11.2 Open standaardisatieproces
GeoPackage wordt beheerd door Open Geospatial Consortium (OGC), een non-profitorganisatie. De paragrafen 5.2.1, 5.2.2 en 5.2.3 van dit intakeadvies geven meer informatie over het open standaardisatieproces. Het specificatiedocument is kosteloos verkrijgbaar. Het intellectuele eigendomsrecht is onherroepelijk vrijgegeven. Documentatie over het ontwikkel- en beheerproces is vrij beschikbaar en toegankelijk. Belanghebbenden hebben inspraak op de procedures van OGC. Deze procedures zijn gepubliceerd. De ontwikkeling en het beheer van GeoPackage is op een open, onafhankelijke, toegankelijke, inzichtelijke, zorgvuldige en duurzame wijze ingericht. Het predicaat 'uitstekend beheer' is niet van toepassing op GeoPackage omdat deze standaard niet beheerd wordt door Geonovum. Er is adoptieondersteuning voor de standaard bij OGC, bij Stackoverflow, op het Nederlandse Geoforum (samenwerking van PDOK en OSGeo) en bij Geonovum.
11.3 Draagvlak
De versiewijziging beïnvloedt de beoordeling van dit criterium niet. De nieuwere versie van GeoPackage bevat vooral kleine aanscherpingen en zorgt daarmee niet voor problemen bij overgang. GeoPackage kan rekenen op voldoende draagvlak bij de overheid (bijvoorbeeld gemeenten, Kadaster, ministerie BZK) en marktpartijen. Het gebruik van deze standaard is al mogelijk door de ondersteuning ervan in GIS (Geografisch Informatie Systeem) software, die bij alle relevante organisaties gebruikt wordt voor het werken met geografische informatie.

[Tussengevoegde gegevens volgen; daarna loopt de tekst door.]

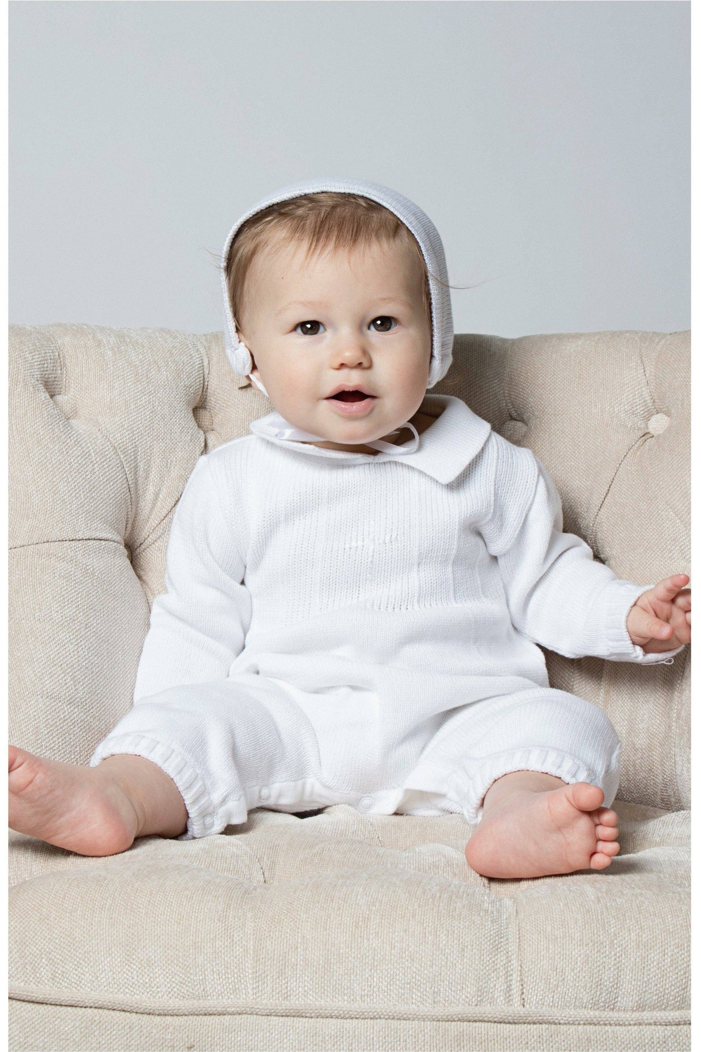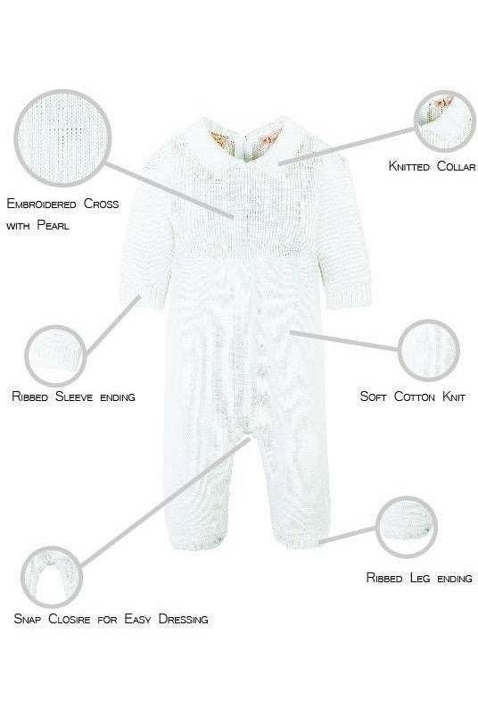 Our exclusive Christening Collection will be treasured for generations. This stunning collared one-piece in soft white, features a satin trim top with a knit cross adorned with a pearl in the center. Zip back and snaps underneath to assist with dressing. Perfect for before and after Christening. 100% Cotton. Machine Washable. * 100% Cotton * Machine Washable * Handmade * Traditional Wear * Christening/Baptism/Blessing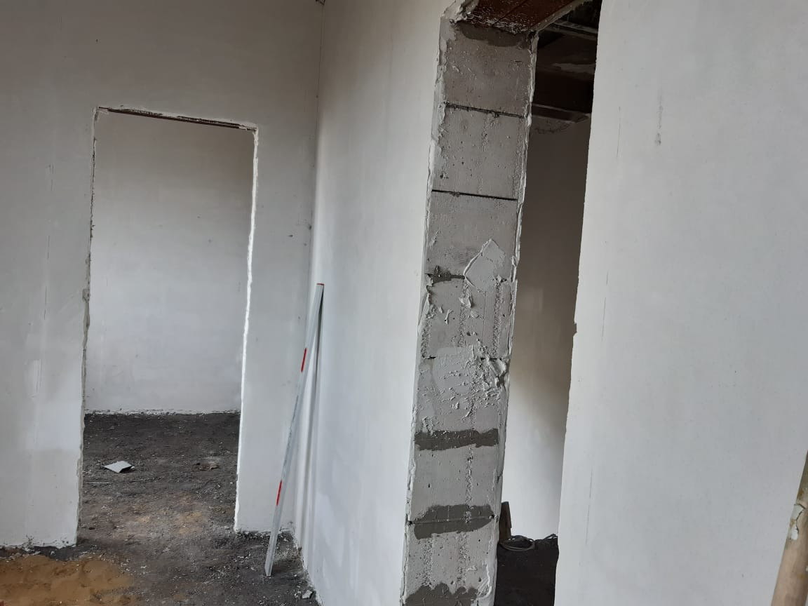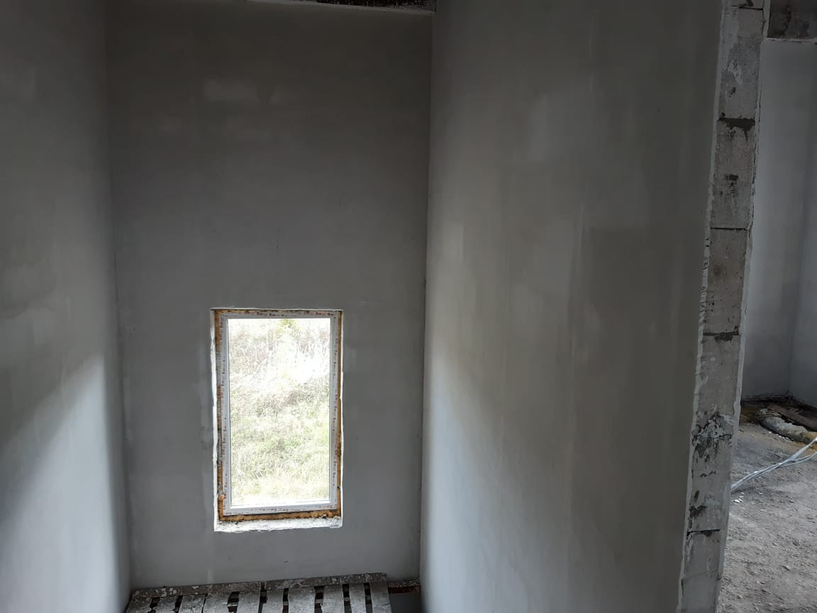 - перегородки на 1 и 2 этажах , выполнена механизированная штукатурка.

11.4 Opname op de lijst bevordert adoptie
De versiewijziging is zodanig beperkt dat er geen specifieke adoptie-ondersteuning voorzien is voor de adoptie van versie 1.3.1. In zijn algemeenheid is bij het expertonderzoek in 2019 door de experts aangegeven dat opname op de lijst nodig is om verder gebruik te stimuleren en de drempel voor het gebruik te verlagen. Ook het gebruik bij incidentele uitwisseling tussen overheden krijgt hierdoor een ‘boost’. Ten opzichte van GML (onderdeel van de geclusterde registratie Geo-standaarden) is het bovendien belangrijk dat GeoPackage als aanvulling bij de set Geo-standaarden op de lijst komt te staan, gezien de eenvoudigere toepassing, betere adoptie en beperktere bestandsomvang.
12 Praktijkvoorbeeld
De standaard wordt gebruikt door overheden die geo-informatie willen aanbieden aan burgers, instellingen en bedrijven. Voorbeelden hiervan zijn de datasets van de BAG, de BGT en de Basisregistratie Ondergrond (BRO) die via PDOK en Dataregister van de Nederlandse Overheid worden aangeboden. Een andere use case is het aanbieden door overheidsinstanties van sets open data. Gemeenten bieden bijvoorbeeld GeoPackage bestanden aan met informatie over ligplaatsen en standplaatsen, wegen, groen, voetgangers- en fietsnetwerken, etc. Het CBS levert onder andere kerncijfers per postcodegebied in GeoPackage formaat. Het Waterschapshuis levert data over oppervlaktewateren in GeoPackage. Provincies bieden ook dergelijke open datasets als GeoPackage download aan; tevens verkennen zij het gebruik van GeoPackage bij het uitwisselen van geodata met opdrachtnemers.